When defining \(\mathrm{GL}(n)\), we have no restriction on the vector space \(V\). Now, if there is also a metric defined on \(V\), then we can add more restriction to the transformation — preserve the “length”. More specifically, suppose space \(V\) has a Euclidean metric \(\delta_{\mu\nu}\). Thus, the preservation of “length” can be expressed as

\[\delta_{\mu\nu}Z^\mu_\rho Z^\nu_\sigma v^\rho v^\sigma = \delta_{\mu\nu}v^\mu v^\nu\]

or written in matrix form

\[v^{\mathrm{T}}Z^{\mathrm{T}}Zv = v^{\mathrm{T}} v = v^{\mathrm{T}}Iv\]

where \(I\) is the identity matrix. Thus, the preservation of “length” will be equivalent to

\[Z^{\mathrm{T}}Z = I\]

All this kind of matrices form the \(n\)-dim Orthogonal Group, or \(\mathrm{O}(n)\). And from the illustration of the previous section, you should be able to understand what is Special Orthogonal Group, or \(\mathrm{SO}(n)\).

The story does not end here. Just now we ask the space \(V\) to have a Euclidean metric. Now we want to ask the metric to be more general — not necessary to be positively definite. More specifically, the diagonal elements of the metric can have \(m\) occurrences as \(-1\) and \(n\) occurrences as \(1\). Also ask the matrix to preserve the “length”. This kind of matrices form group \(\mathrm{O}(m,n)\). A famous example of this kind of group is \(\mathrm{O}(1,3)\). It has a dedicated name Lorentz Group, and it can be so vital that we decide to open a new section for it.

Lorentz Group \(\mathrm{L}\) or \(\mathrm{O}(1,3)\)

As is introduced in the previous section, the Lorentz Group is the linear group whose vector space \(V\) has a Minkowski metric \(\eta_{\mu\nu}\). Yes, it is the Minkowski metric that makes it so significant in the physical theories.

The Lorentz Group has quite a complicated structure which we have no intention to address. But we would like to mention one important thing: the Lorentz Group can be divided into four branches, using the \(\varLambda^0_0\) element (the leftmost and uppermost element) and determinant (either \(+1\) or \(-1\)).

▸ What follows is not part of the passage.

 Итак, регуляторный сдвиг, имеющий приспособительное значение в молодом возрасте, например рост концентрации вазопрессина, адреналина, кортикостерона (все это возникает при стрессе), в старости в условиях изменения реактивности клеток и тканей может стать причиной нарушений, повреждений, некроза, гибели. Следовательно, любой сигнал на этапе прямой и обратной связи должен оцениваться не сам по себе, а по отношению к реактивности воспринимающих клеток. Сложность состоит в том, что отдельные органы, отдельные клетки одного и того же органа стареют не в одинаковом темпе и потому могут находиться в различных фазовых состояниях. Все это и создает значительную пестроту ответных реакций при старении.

We use \(+/-\) and \(\uparrow/\downarrow\) to denote the four branches, e.g. \(\mathrm{L}^\uparrow_+\) means \(\varLambda^0_0\geqslant1\) and \(\det(\varLambda)=+1\).

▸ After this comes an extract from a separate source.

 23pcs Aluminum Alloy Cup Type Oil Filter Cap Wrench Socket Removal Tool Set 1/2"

Although there are a massive amount of properties revealed, we stop here — many interesting facts about the Lorentz Group and its representation will be discussed in the introduction of representation theory.

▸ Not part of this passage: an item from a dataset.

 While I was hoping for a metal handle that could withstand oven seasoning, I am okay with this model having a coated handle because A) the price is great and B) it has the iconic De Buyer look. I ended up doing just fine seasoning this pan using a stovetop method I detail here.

Unitary Group \(\mathrm{U}(n)\)

All our previous groups are based on the vector space \(V\) which is real. Now we ask it to be complex. Then we get the complex General Linear Group \(\mathrm{GL}(n,\mathbb{C})\). Similarly, if there is an inner product (just like the metric in real space) defined on the complex vector space, we can ask the transformation to preserve “length”. Thus, we get the unitary group \(\mathrm{U}(n)\). Again, we stop here. If you want to know more about the Unitary Group and its similarity or distinction with Orthogonal Group, please refer to the references concerning Lie Group & Lie Algebra.